WORK INSTRUCTIONS: Leaving out the pictures, return word for word the stretch of entries below from the line holding "Kapüşonlu, uzun kollu" through the line holding "In stainless steel, full".

Stored data
::::::
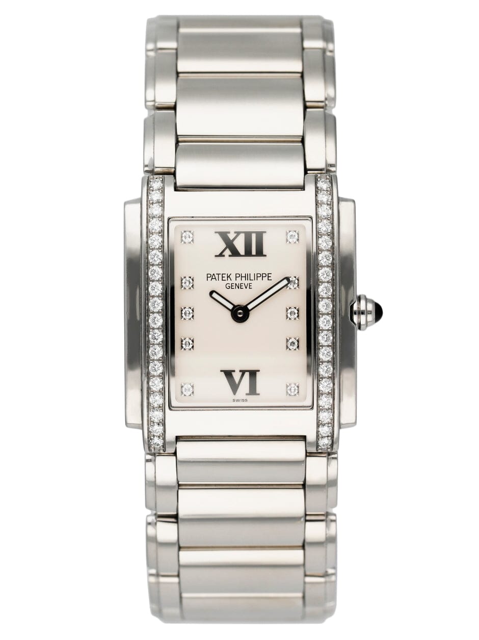 Patek Philippe Twenty-4 4910/10A-011 Ladies Watch. 25mm stainless steel case. Stainless steel with original factory diamond set bezel. White dial with steel hands and Roman numeral & original factory diamond set hour markers. Stainless steel bracelet with butterfly clasp. Will fit up to a 6-inch wrist. Sapphire crystal. Stainless steel case back. Quartz: Battery powered movement. This watch comes with original Papers.
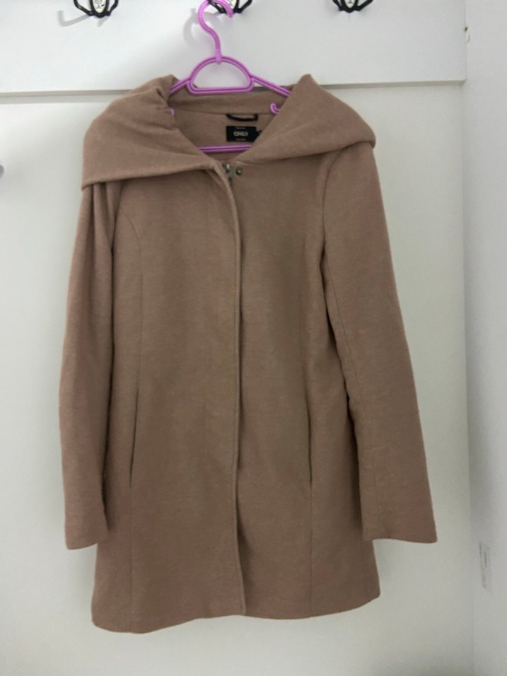 Kapüşonlu, uzun kollu ve önü kapamalı bej kaban. Kumaşı yumuşak ve sıcak tutar.
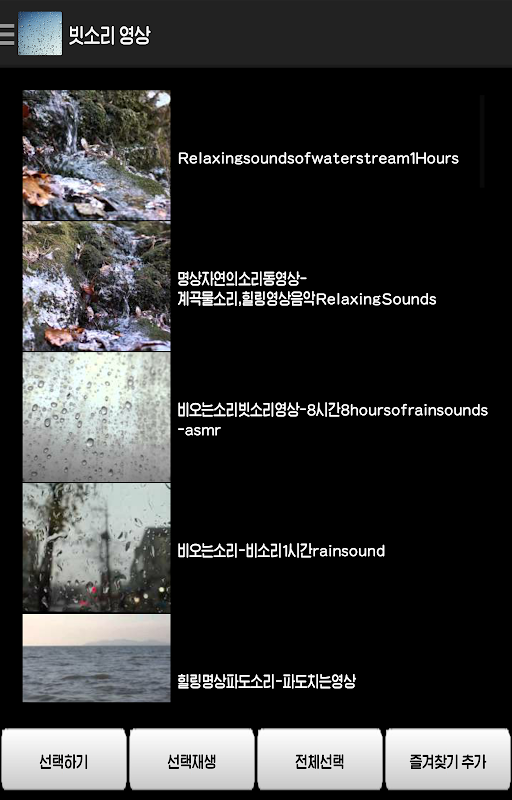 비오는소리, 계곡물소리, 파도소리, 바람소리, 흙밟는 소리가 소리와 영상으로 제공됩니다.
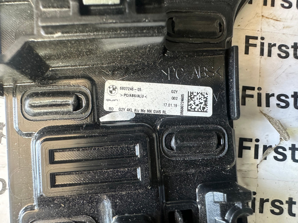 This centre console surround trim is a genuine interior part designed for the 2020 BMW 3 Series G20 model. It fits securely around the centre console area, enhancing the interior appearance and maintaining the original factory design. Ideal for replacing a damaged or worn trim, this part has been thoroughly inspected and is in excellent working condition.
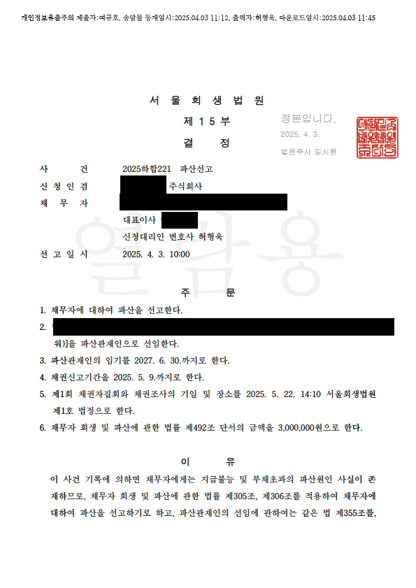 ¹ýÀÎÆÄ»ê ÆÄ»ê¼±°í°áÁ¤ (¼¿ïȸ»ý¹ý¿ø)
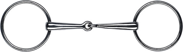 In stainless steel, full and fine barrels, large rings with channelling effect. Can be used alone or on a bridle, for horses with little sensitivity.
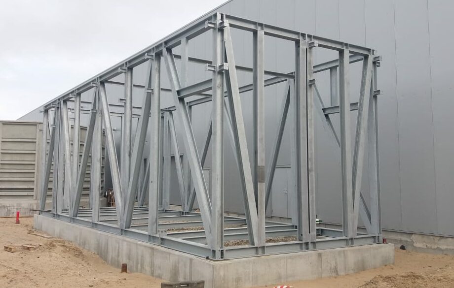 The one on the high loads The steel frame of KTI, designed for the entire installation, is placed on the prepared concrete or strip foundation. The steel frame provides the Suitable heightto process the ice properly and to convey it out of the ice storage. On this steel frame then sit the other elements of the plant such as:
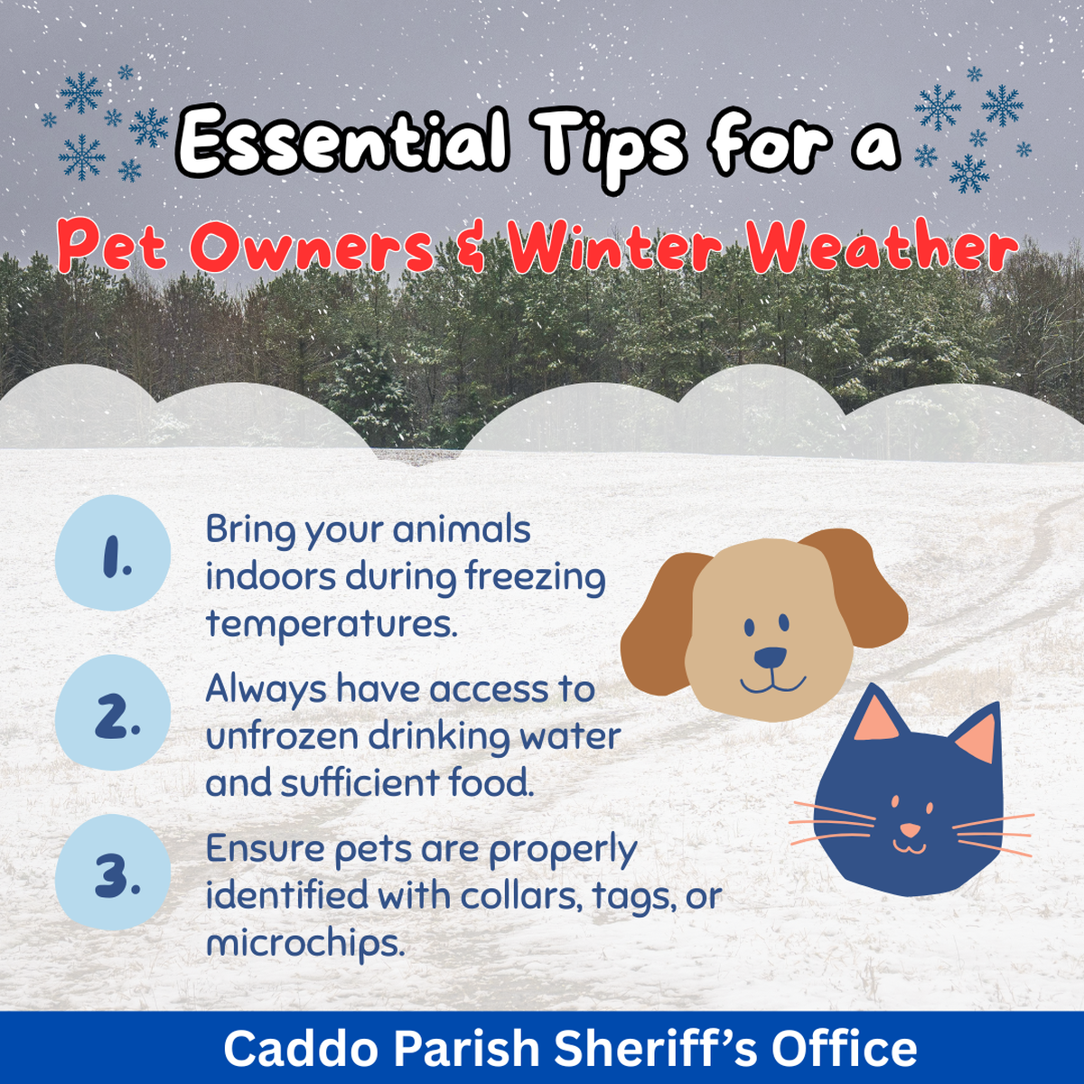 As winter weather impacts our area, Caddo Parish Sheriff Henry Whitehorn Sr. reminds residents to take extra precautions to keep their pets safe from cold temperatures and hazardous conditions.
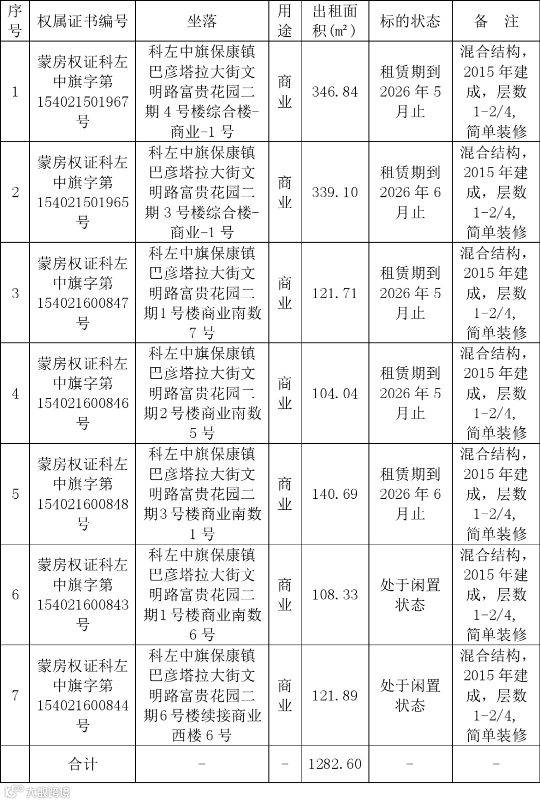 项目二、通辽市科尔沁区通辽宴房产整体出租
::::::
COMPLETED TASK:
 Kapüşonlu, uzun kollu ve önü kapamalı bej kaban. Kumaşı yumuşak ve sıcak tutar.
 비오는소리, 계곡물소리, 파도소리, 바람소리, 흙밟는 소리가 소리와 영상으로 제공됩니다.
 This centre console surround trim is a genuine interior part designed for the 2020 BMW 3 Series G20 model. It fits securely around the centre console area, enhancing the interior appearance and maintaining the original factory design. Ideal for replacing a damaged or worn trim, this part has been thoroughly inspected and is in excellent working condition.
 ¹ýÀÎÆÄ»ê ÆÄ»ê¼±°í°áÁ¤ (¼¿ïȸ»ý¹ý¿ø)
 In stainless steel, full and fine barrels, large rings with channelling effect. Can be used alone or on a bridle, for horses with little sensitivity.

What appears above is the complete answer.